** Supplied information follows **

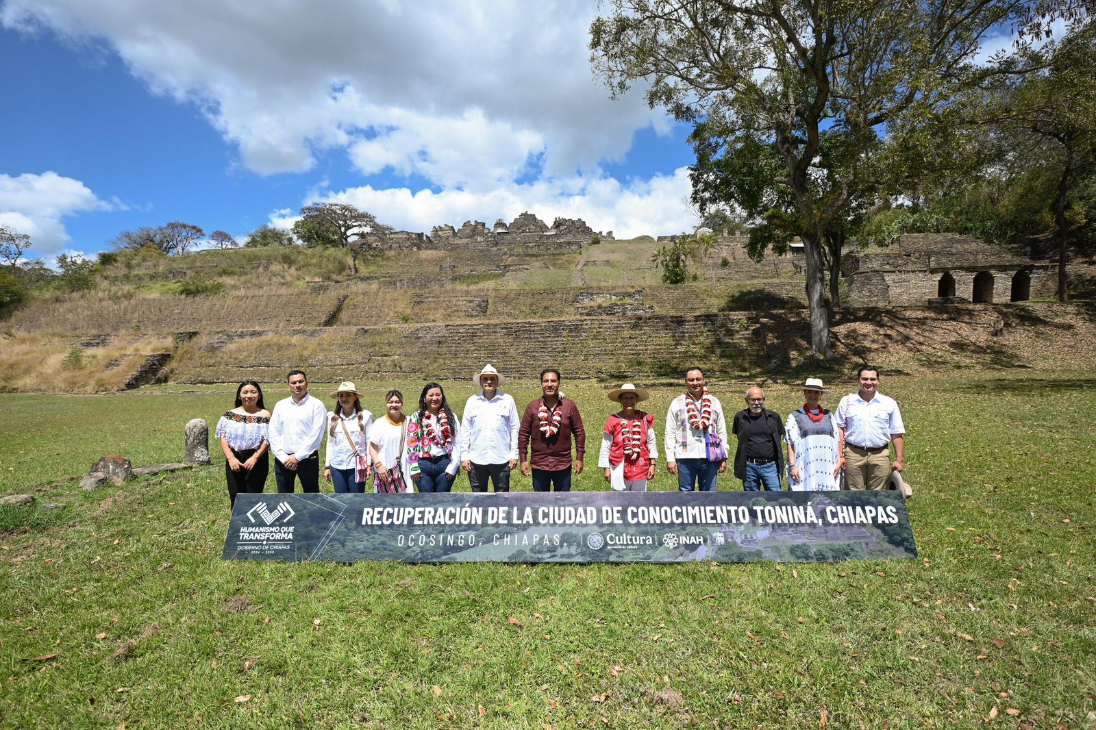 Acompañado por autoridades federales, estatales y municipales, así como por ejidatarios y habitantes de la región, el mandatario anunció que se impulsarán acciones y obras prioritarias para el mejoramiento integral de áreas y caminos en la zona arqueológica de Toniná, con el objetivo de que, a partir del 21 de marzo, pueda ser disfrutada nuevamente por el pueblo y se consolide como un destino turístico de alcance nacional e internacional. Subrayó que ello se traducirá en mayor dinamismo económico, crecimiento y prosperidad compartida para los pueblos.
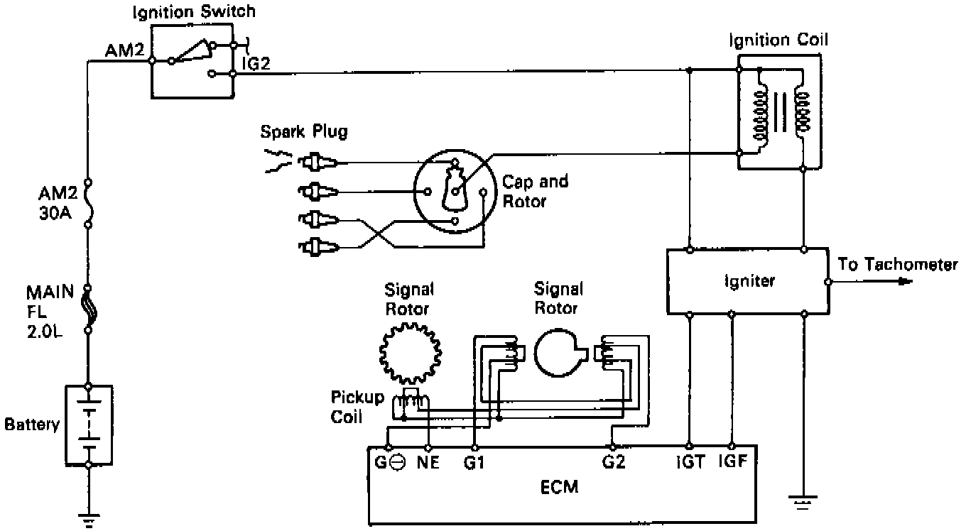 The ECM monitors the engine condition by signals from each sensor, calculates the ignition timing and sends an ignition signal to the igniter. High voltage from the ignition is distributed to each spark plug in the appropriate order to generate a spark between the electrodes, which ignites the air-fuel mixture.
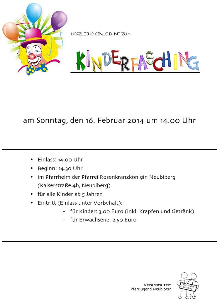 Einlass: 14.00 Uhr Beginn: 14.30 Uhr Ort: Pfarrheim der Pfarrei Rosenkranzkönigin (Kaiserstraße 4b, 85579 Neubiberg) Zielgruppe: Alle Kinder ab 5 Jahren Eintritt: 3,00 EUR für Kinder (inkl. Krapfen und Getränk), 2,50 EUR für Erwachsene
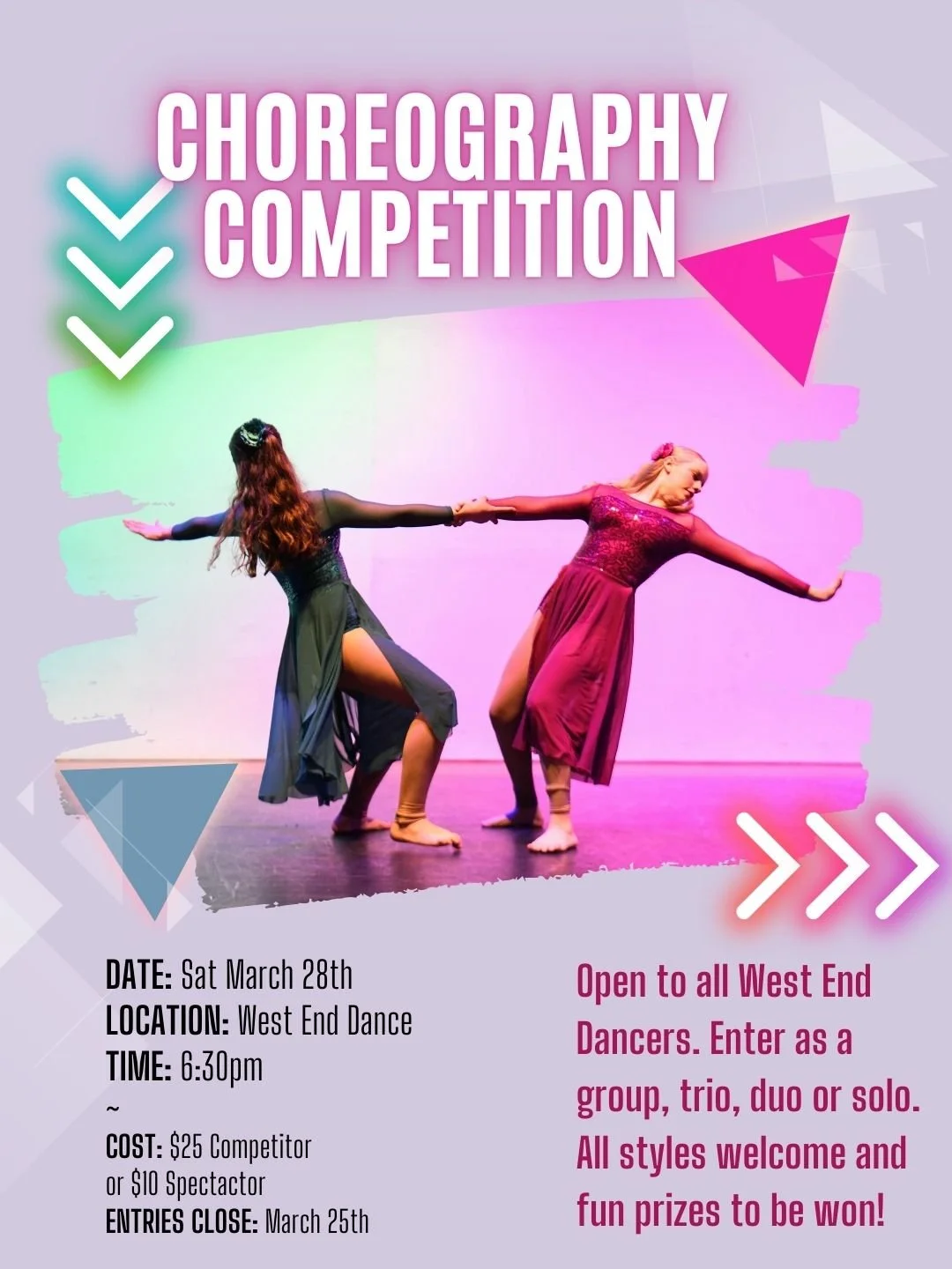 Perform your entry at our Choreography Comp on March 28th at West End Dance.

** End of Supplied information **

## Exercise directions
With the pictures removed, return the listing above in its exact original wording.

## Exercise solution
 Acompañado por autoridades federales, estatales y municipales, así como por ejidatarios y habitantes de la región, el mandatario anunció que se impulsarán acciones y obras prioritarias para el mejoramiento integral de áreas y caminos en la zona arqueológica de Toniná, con el objetivo de que, a partir del 21 de marzo, pueda ser disfrutada nuevamente por el pueblo y se consolide como un destino turístico de alcance nacional e internacional. Subrayó que ello se traducirá en mayor dinamismo económico, crecimiento y prosperidad compartida para los pueblos.
 The ECM monitors the engine condition by signals from each sensor, calculates the ignition timing and sends an ignition signal to the igniter. High voltage from the ignition is distributed to each spark plug in the appropriate order to generate a spark between the electrodes, which ignites the air-fuel mixture.
 Einlass: 14.00 Uhr Beginn: 14.30 Uhr Ort: Pfarrheim der Pfarrei Rosenkranzkönigin (Kaiserstraße 4b, 85579 Neubiberg) Zielgruppe: Alle Kinder ab 5 Jahren Eintritt: 3,00 EUR für Kinder (inkl. Krapfen und Getränk), 2,50 EUR für Erwachsene
 Perform your entry at our Choreography Comp on March 28th at West End Dance.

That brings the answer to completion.